Well, part of the problem for our industry is that we're not price setters; we're price takers. We take whatever the price is in the world market.
It's probably easy today to say the oil industry is doing well at $56 a barrel, or whatever it happened to trade at today. It's not that long ago, 1998, when it went down to $11 a barrel. It was tough going in the oil sands business at $11 a barrel. You were barely able to make the cashflow. These projects can't easily be shut down. We're subject to the vagaries of the commodity markets.
Our real competition is in the Middle East, in Saudi Arabia. They're putting a barrel of oil on the market for $5 U.S. a barrel. We don't get to set the price. When that happens, we obviously have to be very diligent about what we're doing.

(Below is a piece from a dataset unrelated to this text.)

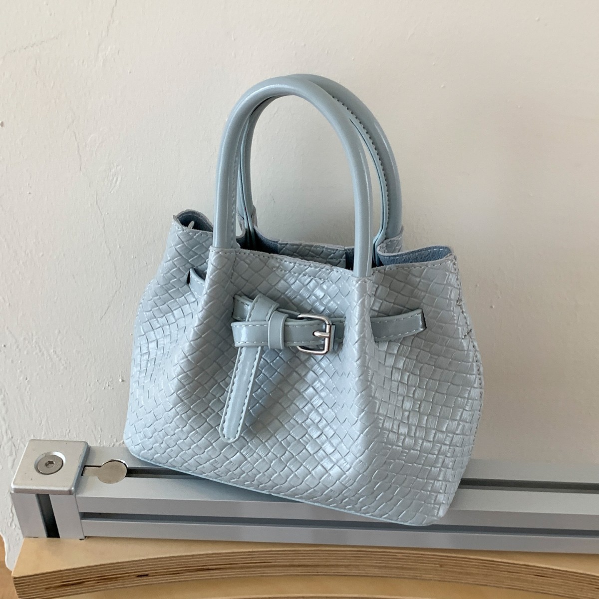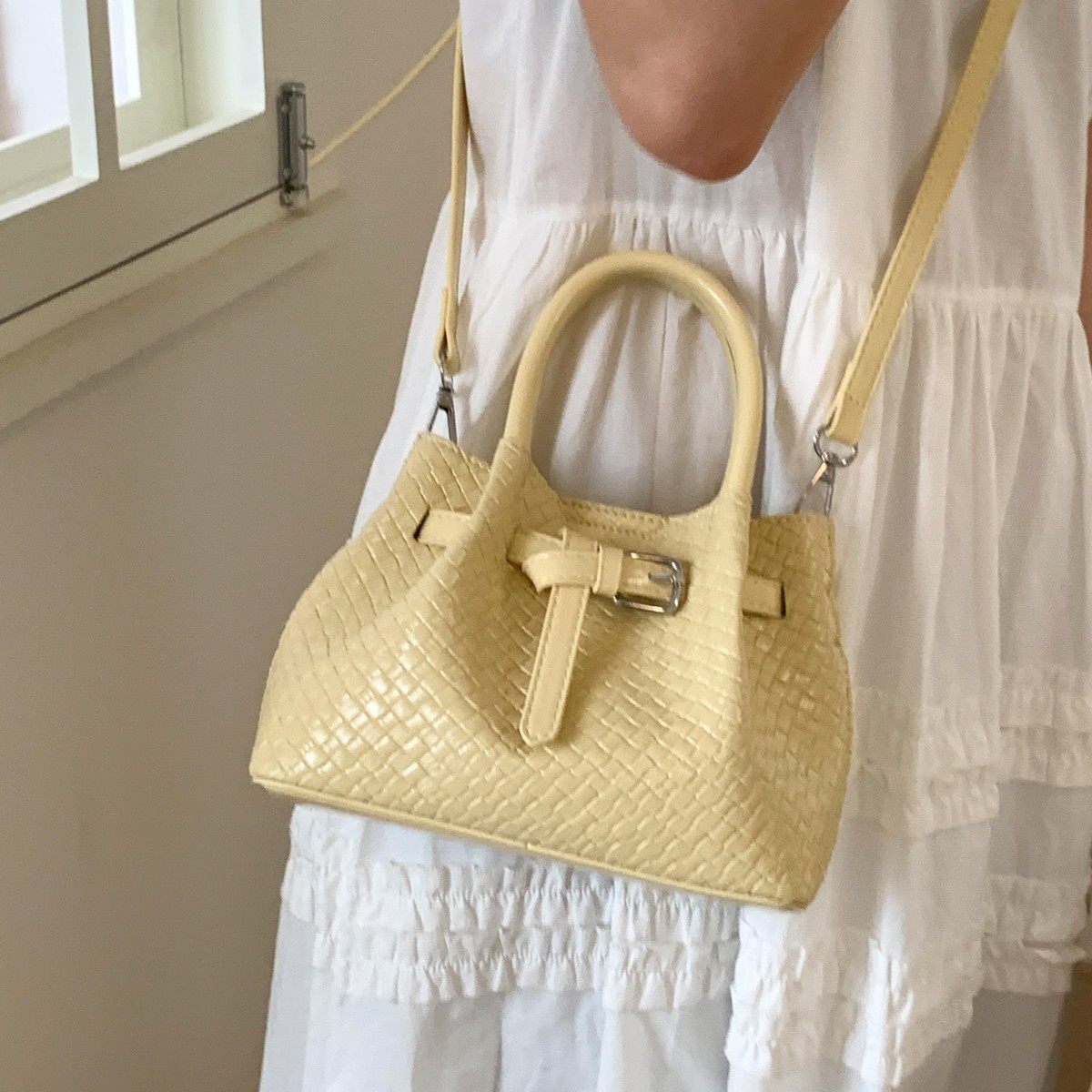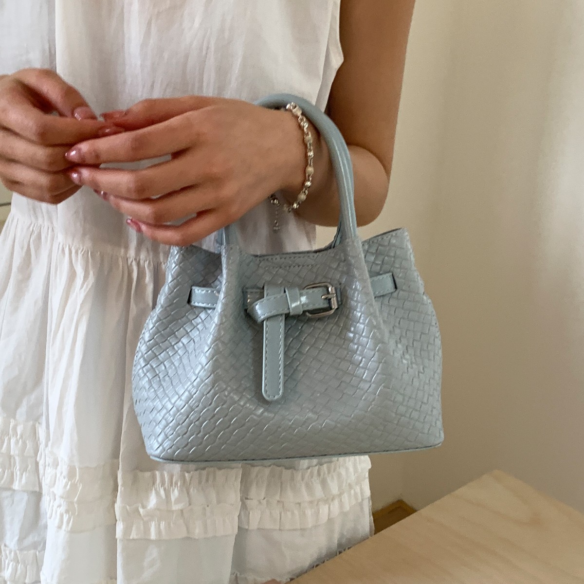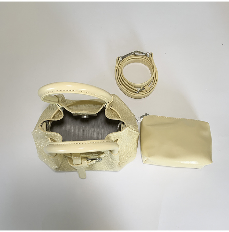 繊細な編み込み模様が美しい巾着タイプのショルダーバッグです。
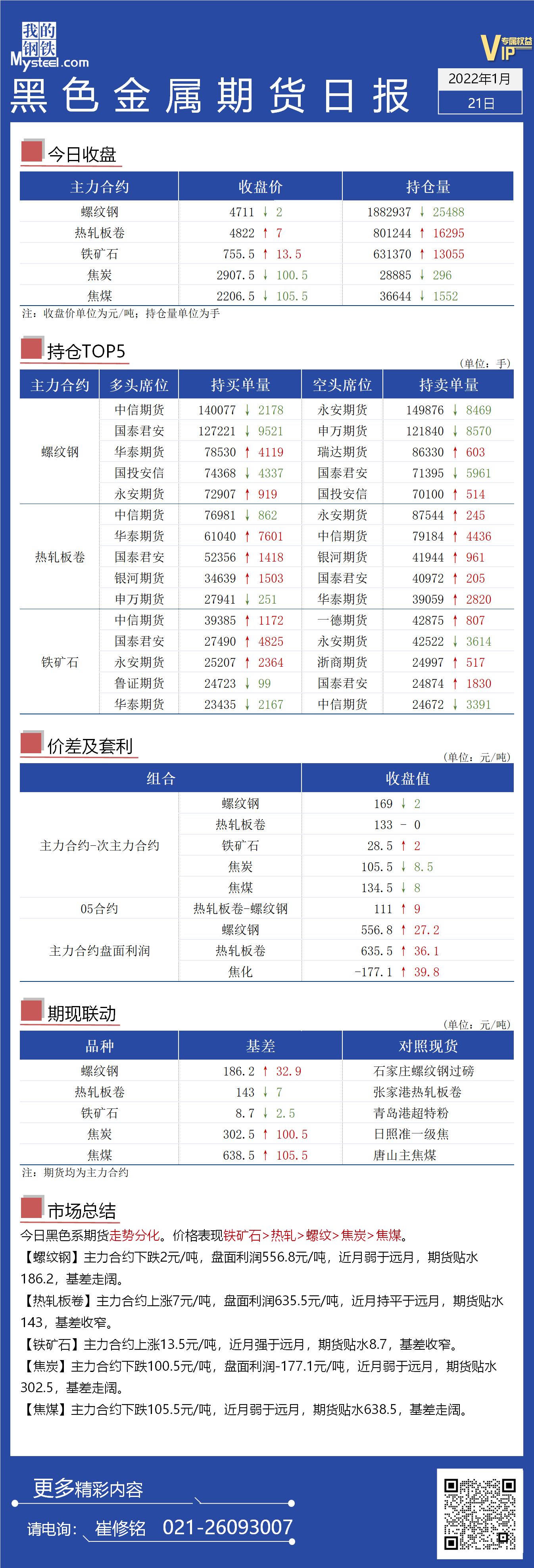 今日黑色系期货走势分化。价格表现铁矿(767, 10.50, 1.39%)石>热轧>螺纹>焦炭(2963, 35.50, 1.21%)>焦煤(2211, -16.50, -0.74%)。【螺纹钢(4722, 10.00, 0.21%)】主力合约下跌2元/吨,盘面利润556.8元/吨,近月弱于远月,期货贴水186.2,基差走阔。【热轧板卷】主力合约上涨7元/吨,盘面利润635.5元/吨,近月持平于远月,期货贴水143,基差收窄。【铁矿石】主力合约上涨13.5元/吨,近月强于远月,期货贴水8.7,基差收窄。【焦炭】主力合约下跌100.5元/吨,盘面利润-177.1元/吨,近月弱于远月,期货贴水302.5,基差走阔。【焦煤】主力合约下跌105.5元/吨,近月弱于远月,期货贴水638.5,基差走阔。

It's a lot more complex than it appears to be today, with what's happening as we speak and with crude oil pricing being where it is. In order for the business to be viable, we have to really take all of those things into consideration, because we're going to have those swings and those ups and downs.
If you took crude oil prices in 1995 and you took them back a hundred years, which was about the length of time crude was being produced, and you brought it into 1995 dollars, crude oil averaged about $20 a barrel in 1995 dollars over that whole time period. It went up and down depending on whether there was a world war or a major invasion going on in certain parts of the world.
We're probably at a different plateau today. I think most people would say we're not back at $20 oil, but I don't believe we're at $60 oil either. We're again going to be faced with those challenges as we go forward.